**What needs to be done:**
Would you please repeat, word for word, only the lines from the one holding "만역 복합적인 where" through the one holding "to any outfit." in the material below, without the pictures?

**Data listing:**
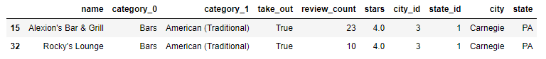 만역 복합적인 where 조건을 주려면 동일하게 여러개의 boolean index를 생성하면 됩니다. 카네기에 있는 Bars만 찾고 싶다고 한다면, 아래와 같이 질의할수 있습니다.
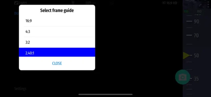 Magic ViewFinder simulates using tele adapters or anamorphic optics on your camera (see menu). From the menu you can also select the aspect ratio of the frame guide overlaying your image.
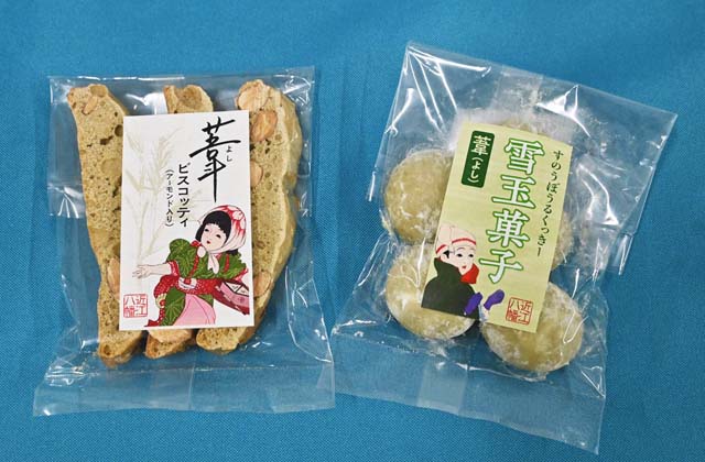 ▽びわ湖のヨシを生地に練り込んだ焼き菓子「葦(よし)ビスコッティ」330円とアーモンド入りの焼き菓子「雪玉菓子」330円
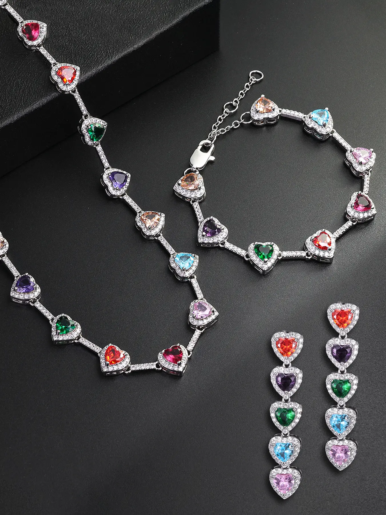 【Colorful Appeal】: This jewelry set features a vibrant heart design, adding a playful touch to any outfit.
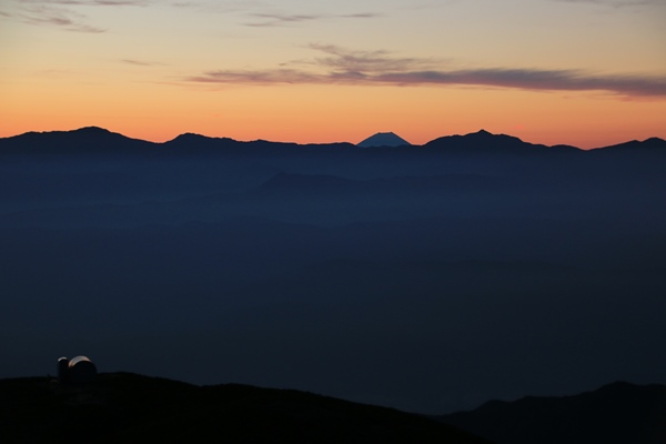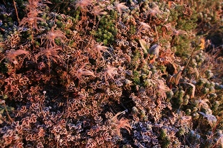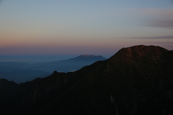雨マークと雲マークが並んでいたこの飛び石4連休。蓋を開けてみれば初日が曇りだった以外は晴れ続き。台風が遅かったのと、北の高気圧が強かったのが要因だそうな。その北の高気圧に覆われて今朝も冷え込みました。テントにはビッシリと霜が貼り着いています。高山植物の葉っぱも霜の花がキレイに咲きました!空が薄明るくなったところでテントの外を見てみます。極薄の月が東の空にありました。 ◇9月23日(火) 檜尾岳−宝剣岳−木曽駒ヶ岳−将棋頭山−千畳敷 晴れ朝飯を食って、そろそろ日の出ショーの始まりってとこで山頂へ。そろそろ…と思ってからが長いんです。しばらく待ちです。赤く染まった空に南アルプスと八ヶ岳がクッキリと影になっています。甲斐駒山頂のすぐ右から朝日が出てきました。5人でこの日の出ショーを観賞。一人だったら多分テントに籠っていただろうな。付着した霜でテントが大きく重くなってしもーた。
* * *
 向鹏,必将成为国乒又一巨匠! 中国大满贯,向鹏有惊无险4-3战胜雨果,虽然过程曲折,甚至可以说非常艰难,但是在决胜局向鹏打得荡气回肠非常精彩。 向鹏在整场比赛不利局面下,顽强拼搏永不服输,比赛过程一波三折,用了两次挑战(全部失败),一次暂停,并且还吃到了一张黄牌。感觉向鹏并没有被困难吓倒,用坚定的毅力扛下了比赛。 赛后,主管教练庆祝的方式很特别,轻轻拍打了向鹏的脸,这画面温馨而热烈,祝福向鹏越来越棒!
---
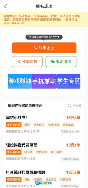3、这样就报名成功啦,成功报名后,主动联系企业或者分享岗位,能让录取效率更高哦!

**Solution:**
 만역 복합적인 where 조건을 주려면 동일하게 여러개의 boolean index를 생성하면 됩니다. 카네기에 있는 Bars만 찾고 싶다고 한다면, 아래와 같이 질의할수 있습니다.
 Magic ViewFinder simulates using tele adapters or anamorphic optics on your camera (see menu). From the menu you can also select the aspect ratio of the frame guide overlaying your image.
 ▽びわ湖のヨシを生地に練り込んだ焼き菓子「葦(よし)ビスコッティ」330円とアーモンド入りの焼き菓子「雪玉菓子」330円
 【Colorful Appeal】: This jewelry set features a vibrant heart design, adding a playful touch to any outfit.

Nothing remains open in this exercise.